For the sulfur recovery unit, Axens licensed the SmartSulf technology to handle the acid gas from the HySWEET in order to remove 370 tpd of sulfur and achieve a sulfur recovery of 99.5+%. Axens' scope of work includes the supply of the process design packages, the supply of the specific equipment for the SmartSulf unit as well as full services from plant personnel training to unit start-up.

Both units are now under process design phase and commissioning is expected for the end of 2024.

“CSV thoroughly evaluated a number of processing technology options prior to selecting the HySWEET and SmartSulf processes for our Albright sour gas processing plant. Throughout the evaluation, Axens and TotalEnergies were exceptionally cooperative and transparent, providing CSV with the confidence that the technologies were the right choice for our facility. Further to that, the benefit of working with one process licensor for both technologies provides significant synergies that allow for a streamlined project execution. The HySWEET technology’s ability to minimise hydrocarbon co-absorption will bring operational benefits to our sulfur recovery unit, while the SmartSulf unit will provide best-in-class sulfur recovery metrics with a smaller footprint and reduced CAPEX and OPEX”, says Dan Cote, CSV’s Director, Projects.

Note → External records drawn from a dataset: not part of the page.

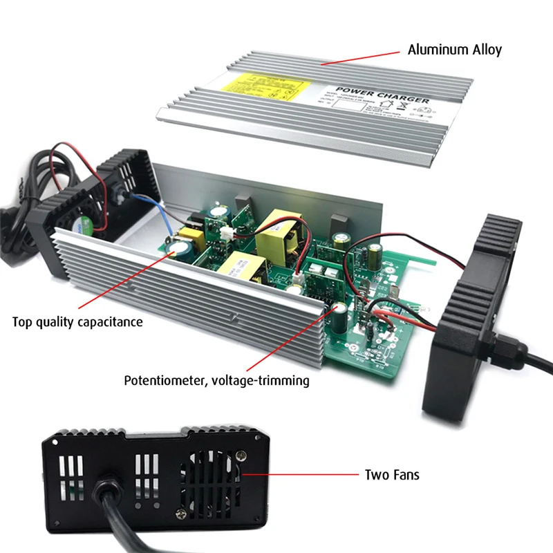 ● Функция защиты: перенапряжения/перегрева/перегрузки по току/короткого замыкания и полярности ● Светодиодный индикатор: красный-зарядка, зеленый-зарядка или подготовка к зарядке ● Стабильный, высокоэффективный, безопасный и т. Д. Точный предел напряжения и тока, квалифицированный полностью заряженный и избегайте перезарядки ● Использование алюминиевого радиатора, хорошая тепловая конструкция, может лучше охладить устройство питания, в соответствии с принципом потока горячего воздуха, продлить срок службы ● Основной силовой трансформатор принимает сердечник EC40, материал PC40, высокая эффективность, низкие потери железа, достаточная мощность, имеет достаточный запас мощности. ● Входной и выходной фильтр электролитический конденсатор выдерживает температуру-40 до + 105 ℃, с низким сопротивлением, высокой надежностью, долгим сроком службы, высокой пульсацией и т. д. Чехол из алюминиевого сплава имеет функцию рассеивания тепла, и два встроенных вентилятора образуют конвекцию воздуха, которая может лучше охладить устройство питания и продлить срок службы. ● Он содержит фильтры внутри, так что зарядное устройство значительно повышает эффективность защиты от помех. ● Есть потенциометр, он может регулировать напряжение в определенном диапазоне. ● Внутренняя схема продукта содержит предохранитель, эффект защиты от перегрузки всей цепи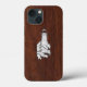A modern nautical silver chrome like applique style on a wet mahogany wood decor for a custom phone case everyone on, or off the boat will enjoy.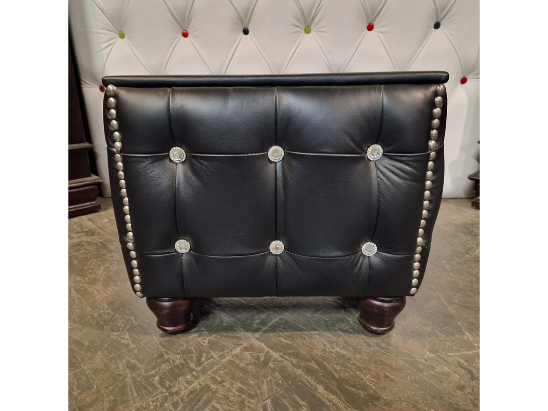 Merk: Chesterfield Product: Poef Kleur: zwart Materiaal: leer Afmeting: 38x34x44 Conditie: nieuw Specificaties: Afmetingen: Breedte: 34 cm Hoogte: 38 cm Diepte: 44 cm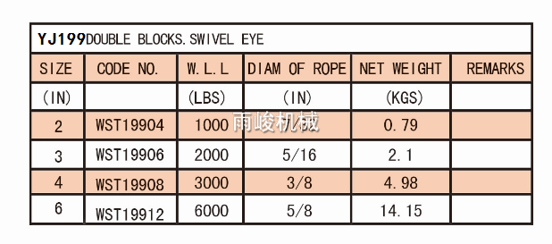 • YJ199 DOUBLE SHEAVE BLOCK SWIVEL EYE

“We are proud of having been selected by CSV Midstream Solutions for this project. The specific Axens’ process scheme combining a HySWEET unit followed by a SmartSulf unit provides a very competitive solution in terms of simplicity, CAPEX and OPEX as well as emissions mitigation for the Albright sour gas processing plant. We are confident that this is the start of a great collaboration between CSV, TotalEnergies and Axens” says Jacques Rault, Axens’ Executive VP Technology & Technical Support.

“This commercial success crowns the development of the HySWEET technology. This solvent relies on a hybrid formulation developed by TotalEnergies R&D to simultaneously remove H2S, CO2 and organic sulfur species such as mercaptans while reducing the carbon footprint of the gas treatment. It illustrates TotalEnergies' expertise and commitment to finding technical solutions that reduce the environmental impact of gas as an energy of transition” says Marie-Noelle Semeria, TotalEnergies's Chief Technology Officer.

We remind, Axens has acquired stakes in the BioTJet project, the aim of which is to build and operate the largest European Sustainable Aviation Fuel (SAF) production unit using the Fischer-Tropsch process, relying on the BioTfueL technology. This unit will be built in France and will be started up by 2027.